* [What you should do] Only the lines from the one with "Leg op dit punt" to the end of the data below should be given again, exactly, with both ends included and pictures omitted.

* [Data]
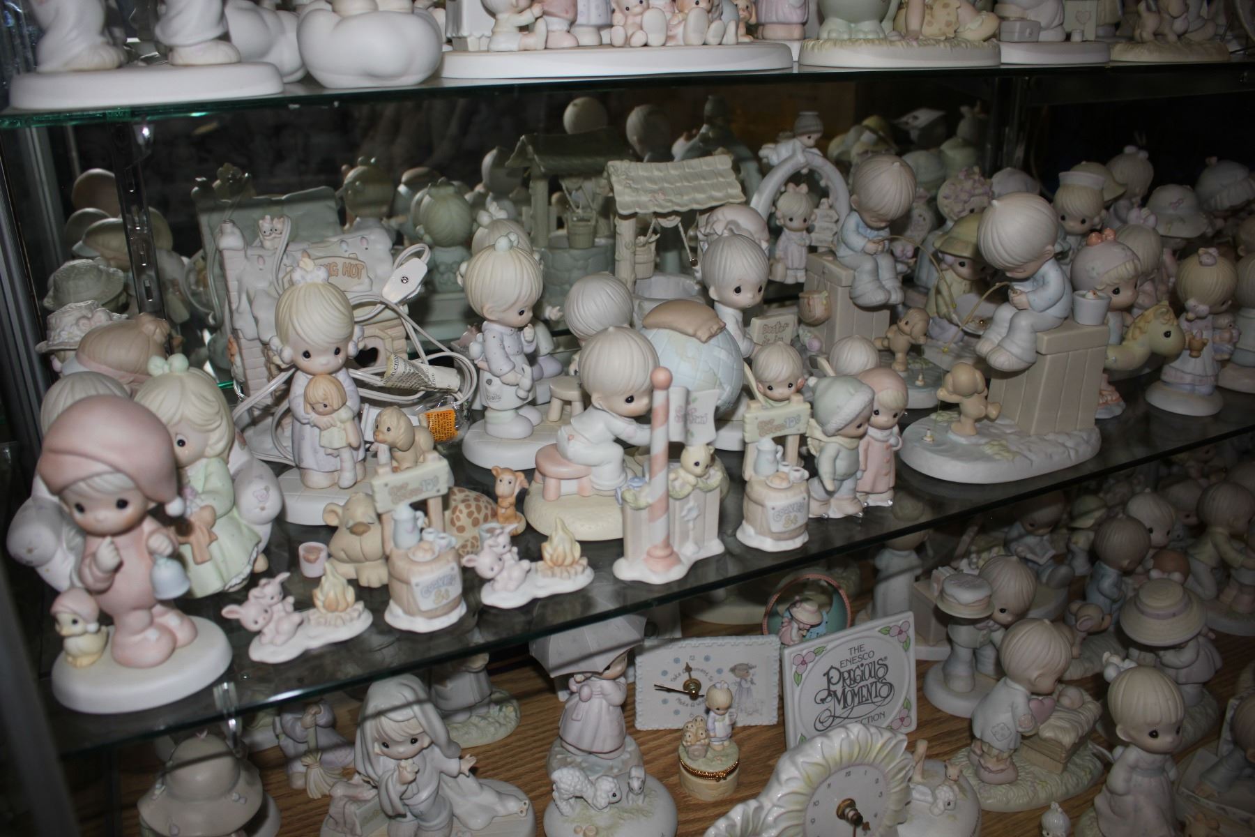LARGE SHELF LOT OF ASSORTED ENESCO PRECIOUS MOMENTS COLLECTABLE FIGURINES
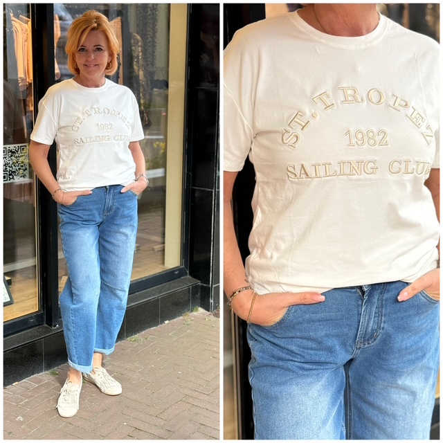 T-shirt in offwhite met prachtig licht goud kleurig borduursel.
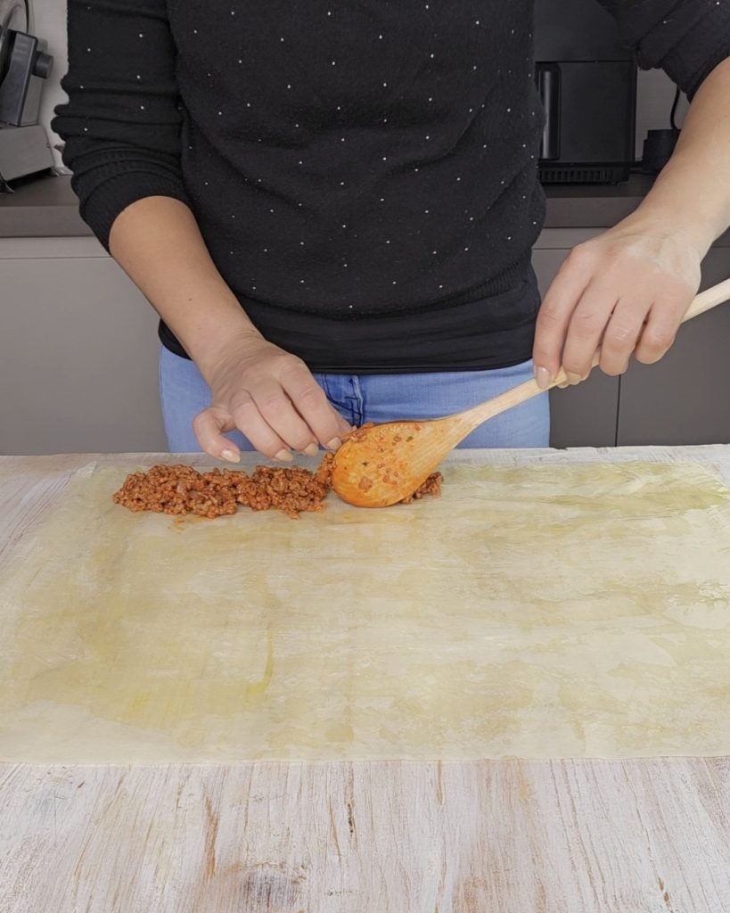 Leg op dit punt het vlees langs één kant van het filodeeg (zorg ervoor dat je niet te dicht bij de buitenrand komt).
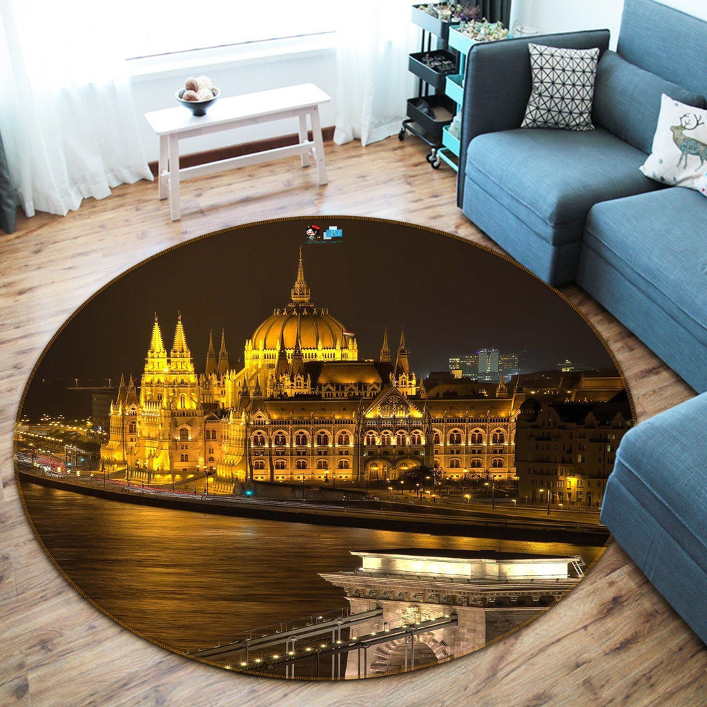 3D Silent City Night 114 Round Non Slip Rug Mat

* [The answer]
 Leg op dit punt het vlees langs één kant van het filodeeg (zorg ervoor dat je niet te dicht bij de buitenrand komt).
 3D Silent City Night 114 Round Non Slip Rug Mat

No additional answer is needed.